The main idea of multiprogramming is to maximize the use of CPU time. Indeed, suppose the currently running process is performing an I/O task (which, by definition, does not need the CPU to be accomplished). Then, the OS may interrupt that process and give the control to one of the other in-main-memory programs that are ready to execute (i.e. process context switching). In this way, no CPU time is wasted by the system waiting for the I/O task to be completed, and a running process keeps executing until either it voluntarily releases the CPU or when it blocks for an I/O operation. Therefore, the ultimate goal of multiprogramming is to keep the CPU busy as long as there are processes ready to execute.
Note that in order for such a system to function properly, the OS must be able to load multiple programs into separate areas of the main memory and provide the required protection to avoid the chance of one process being modified by another one.

Multitasking OS

Multitasking has the same meaning of multiprogramming but in a more general sense, as it refers to having multiple (programs, processes, tasks, threads) running at the same time. This term is used in modern operating systems when multiple tasks share a common processing resource (e.g., CPU and Memory). At any time the CPU is executing one task only while other tasks waiting their turn.
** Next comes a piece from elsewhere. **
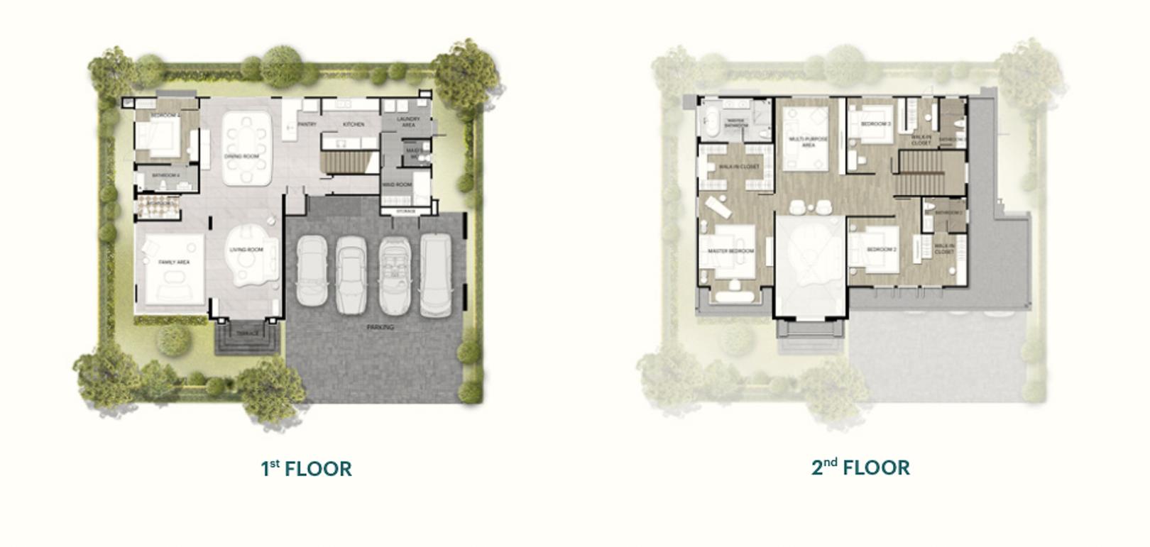 – ฟังก์ชัน 4 ห้องนอน / 5 ห้องน้ำ / 4 ที่จอดรถ / 2 ห้องแม่บ้าน

The illusion of parallelism is achieved when the CPU is reassigned to another task (i.e. process or thread context switching).
There are subtle differences between multitasking and multiprogramming. Multitasking OS implies Multiprogramming but vice-versa not possible.

Batch operating system

Batch operating system

The users of a batch operating system do not interact with the computer directly. Each user prepares his job on an off-line device like punch cards and submits it to the computer operator. To speed up processing, jobs with similar needs are batched together and run as a group. The programmers leave their programs with the operator and the operator then sorts the programs with similar requirements into batches.
The problems with Batch Systems are as follows −

• Lack of interaction between the user and the job.
• CPU is often idle, because the speed of the mechanical I/O devices is slower than the CPU.
• Difficult to provide the desired priority.